Re: data corruption with current (maybe sis chipset related?)

From: Heiko Schaefer <hschaefer_at_fto.de>
Date: Thu, 8 May 2003 12:36:41 +0200 (CEST)
Hi Poul,

> >> >more numbers: i typically see 1-2 blocks of corrupted data (32kb is the
> >> >size of corrupted data i usually see) on that 60gb disk.
> >>
> >> I just saw this as well in the stdout+stderr from a make universe :-(
> >
> >erm... this sounds exciting to me, but i have no clue what you actually
> >mean. could you enlighten me ? :)
> >
> >as i am currently spending heavy thought on investing more money in
> >hardware to solve my problem, any hints regarding software-reasons would
> >be most appreciated.
>
> I have no clue to software reasons yet, but the fact that I saw something
> similar means that you should not rush out to get new hardware just yet.

sorry to be pushy, but have you found anything - or been able to reproduce
anything since then ? i'm still confused how exactly you determined that
some data on your disk was corrupt.

i'm quite anxious to get this issue solved practically for me, and i'm by
now desperate enough to give linux+loopaes some half-serious tought.
however, i would of course prefer to solve this on the freebsd side once
and for all - assuming it's not only broken hardware on my end.
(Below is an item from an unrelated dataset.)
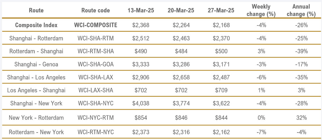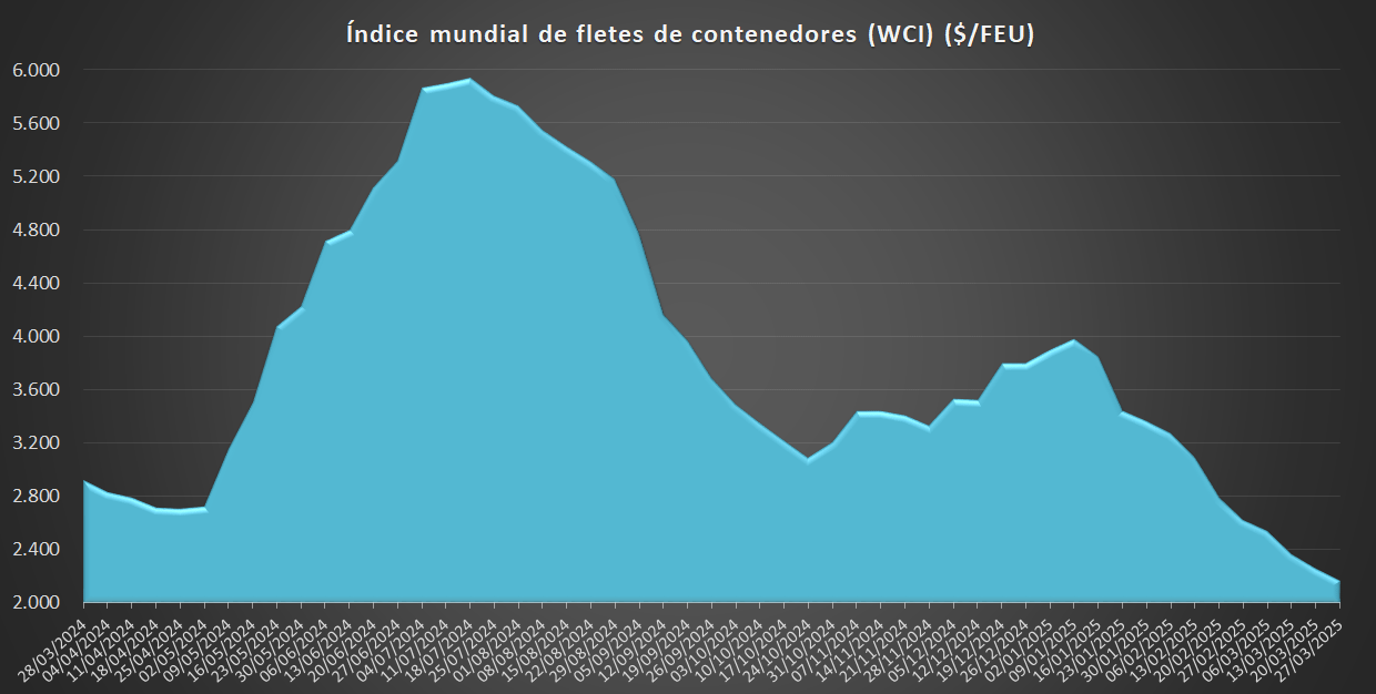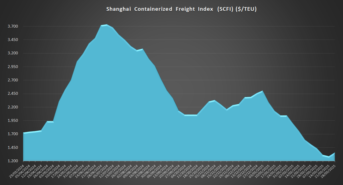 28/03/2025 ACE Con un valor de 1356,88 USD/TEU, los fletes desde Shanghái (SCFI suben hoy un 4,96% respecto a la semana anterior. El flete es un 22% más bajo que en el mismo periodo de 2024, aunque un 67% más alto que el promedio de 2019 (antes de la pandemia), situado en 811 USD.

if there is anything i can do - testingwise - i'd be happy to. if there's
a reasonable chance that noone will find the cause anytime soon (again
assuming it's a software issue), i'd also be willing to buy hardware that
should rule out any hardware causes plausibly in order to pin it down.

more fiddling with copying stuff between my two disks didn't give me any
new insight, but the statistical properties of the data corruption puzzle
me. i almost always get 1-2 broken blocks per disk - almost never no
broken blocks, and i've never seen a larger number of them either.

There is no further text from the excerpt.